IDBI Bank that slipped under the RBI’s Prompt Corrective Action (PCA) directions two years ago, posted its tenth quarterly loss in a row for the January-March 2019 period. Bogged down by ageing provisions, the bank reported a net loss of Rs 4,918 crore in the fourth quarter.

Its earlier target of exiting PCA framework by September 2019, may get pushed further by one quarter at least.  “My target is that when we declare third quarter results, we should stand compliant with all the parameters under PCA,” said Rakesh Sharma, MD & CEO of IDBI Bank.

As per RBI norms, a bank must meet parameters such as asset quality, capital adequacy ratio and profitability to be able to shed the PCA-tag. Until then, the lender is barred from opening new branches, hiring, entering a new line of business and unsecured lending. The bank also has to reduce risky assets and cut non-fund based business.

“We are already compliant on certain parameters and we’ll be moving from threshold 3 to threshold 2 and 1. So, gradual improvement will be there,” Sharma said, adding that the lender will approach RBI for relaxation in lending to bigger and high rated accounts to support its profitability.  Sharma hopes to turn the bank profitable in the third quarter.

Once it is out of PCA, IDBI Bank aims to raise Rs 6,500 capital including Rs 2,500-3,000 crore of Tier-2 bonds this financial year. For equity, the bank may opt for preferential allotment of shares or a rights issue.

IDBI Bank wants LIC to maintain the majority shareholding as of now. Sharma said the bank is comfortable with the 12-year timeline set by RBI to bring down the promoter’s stake by 10 percent. He added that the insurance regulator has not indicated any timeline for the same.

In January 2019, Life Insurance Corporation of India (LIC) took over IDBI Bank with 51 percent shareholding by infusing Rs 21,624 crore of capital in phases.

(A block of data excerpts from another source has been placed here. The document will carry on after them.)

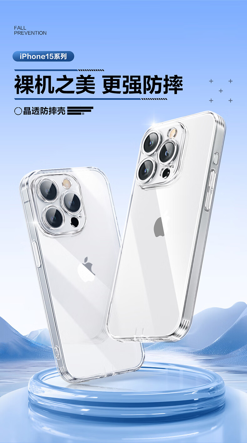 手机保护壳 > iPhone15系列晶透防摔壳 气囊防摔 精孔防尘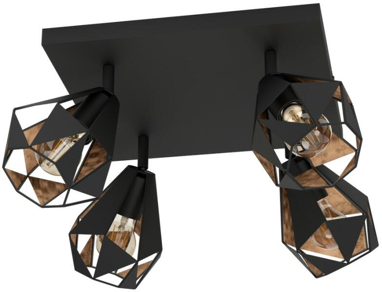 A CARLTON 7 mennyezeti lámpa fekete fémből készült, és négy állítható gyémánt alakú búrával rendelkezik, antik réz belső felülettel. A búrák geometriai nyílásai lenyűgöző fény- és árnyékjátékot hoznak létre a mennyezeten. A mennyezeti lámpa kiegészíti a m. .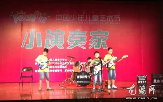 龙港网7月2日讯:中国儿童少年艺术节近日在温州东南剧院拉开序幕来自龙港的主唱陈治俊'吉他手林子涛'贝斯手黄诺贝'鼓手陈家豪组成的乐队'参加这次比赛'赢得全场热烈的掌声。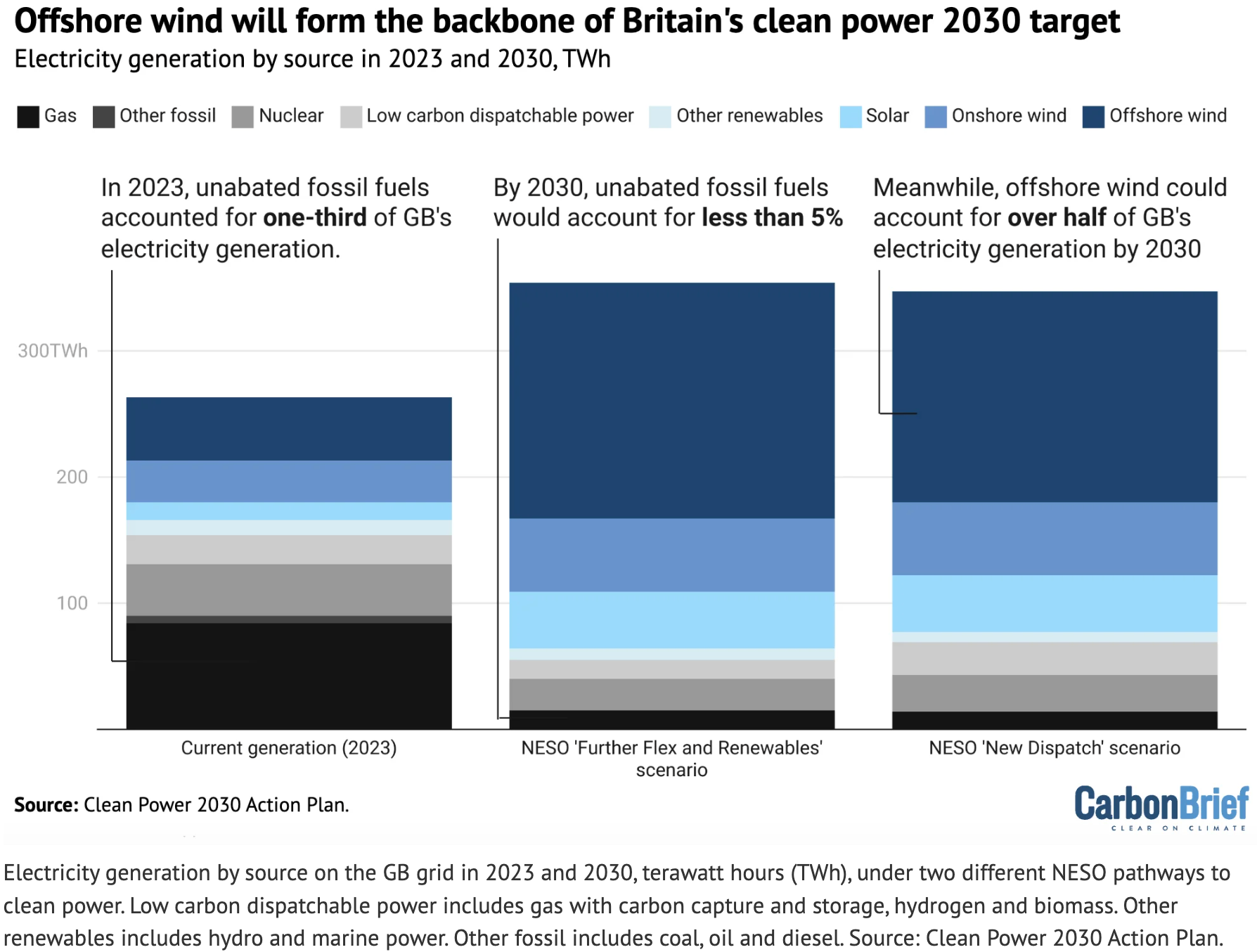 NESO提供了两条通往2030年清洁能源的不同路径,但它们有很多相同的特点,风能和太阳能在这两种情况下都占最大份额。在2023年,化石燃料占国家发电量的三分之一,风能和太阳能占三分之一,其余来自核能、生物质和进口。到2030年,如果实现清洁能源目标,未减排的化石燃料将占发电量的不到5%,风能和太阳能将占大约80%。海上风能将成为2030年英国电力混合能源的支柱,满足大约一半的需求,无论是在NESO的“新调度”情景下,还是在“进一步灵活性和可再生能源”下。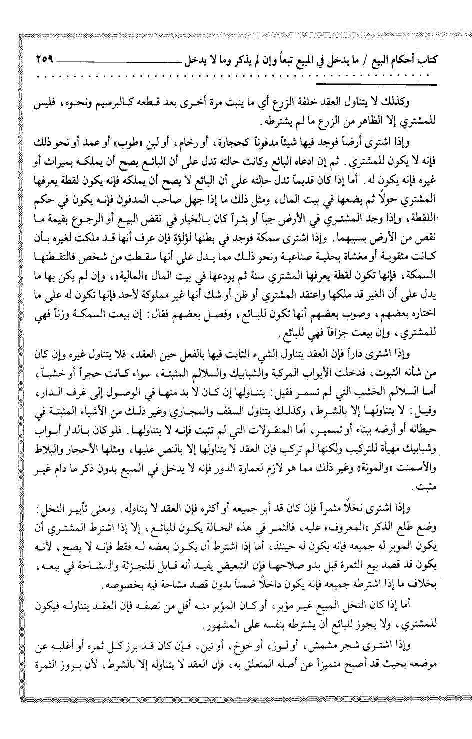 وإذا اشترى نخلاً مثمراً فإن كان قد أبر جميعه أو أكثره فإن العقد لا يتناوله. ومعنى تأبير النخل: وضع طلع الذكر "المعروف" عليه، فالثمر في هذه الحالة يكون للبائع، إلا إذا اشترك المشتري أن يكون الموبر له جميعه فإنه يكون له حينئذ، أما إذا اشترط أن يكون بعضه له فقط فإنه لا يصح، لأنه يكون قد قصد بيع الثمرة قبل بدو صلاحها فإن التبعيض يفيد أنه قابل للتجزئة والمشاحة في بيعه، بخلاف ما إذا اشترطه جميعه فإنه يكون داخلاً ضمناً بدون قصد مشاحة فيه بخصوصه.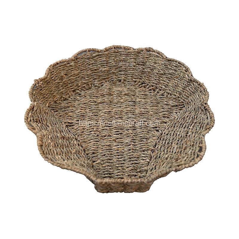 A scalloped style seagrass tray refers to a tray made from seagrass that is designed in the shape of a seashell.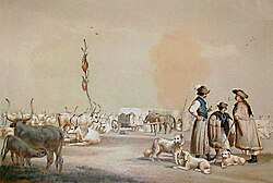 Auch Großgrundbesitzer wie die Batthyány-Familie in Kanizsa nutzten die Konjunktur des Rinderhandels. Ebenso vermehrten Herrscher wie der Palatin Tamás Nádasdy mit Ankauf, Mästung und Verkauf ihr Vermögen. Der Fürst Gábor Bethlen gilt in Siebenbürgen als der erste Rinderhändler im großen Stil.[4] Der Dichter und Feldherr Miklós Zrínyi finanzierte mit den Einnahmen seine Privatarmee und den Kampf gegen die Osmanen. Er überwachte die Handelsrouten durch seine großen Besitze in Kroatien und betrieb trotz des Verbots durch den Wiener Hof eigene Rindermärkte.[10] Er unterstützte auch andere Handelsfamilien beim Widerstand gegen die Habsburger.

With LIC at the helm and various restrictions in place due to PCA, the bank has shifted its focus to boosting its fee income. IDBI Bank aims to rake up Rs 2,000 crore premiums from the sale of LIC policies alone. In March, it sold more than 25,000 policies and collected Rs 160 crore worth of premiums.

“Fee income is going to be one of the main areas from where the revenue streams are going to crystallise for the bank,” said Jorty Chacko, executive director, retail assets and third-party distribution.

Apart from the sale of life insurance policies of both LIC and its own subsidiary IDBI Federal Life, the bank has tie-ups with non-life insurers Tata AIG and New India Assurance. IDBI Bank is in the process of signing up an agreement with Max Bupa for standalone health insurance.

Chacko said the bank is also offering 10 basis points discount for shifting existing home loans and 15 basis points discount on fresh borrowing to LIC policyholders.  “We’re expecting Rs 500 crore revenue this year purely from LIC synergies and Rs 1000 crore from next year onwards,” Chacko said.  In FY19, the bank’s total fee-based income was at Rs 2,213 crore.

To avoid unhealthy competition, IDBI Bank has decided to exit its mutual fund and insurance businesses completely this financial year, as per regulatory conditions. It has appointed merchant bankers and invited expression of interest for both. It plans to add Rs 1,500-2,000 crore to its capital base from these stake sales. Other investments that the bank will sell this year include its stake in National Stock Exchange, NSDL and SIDBI.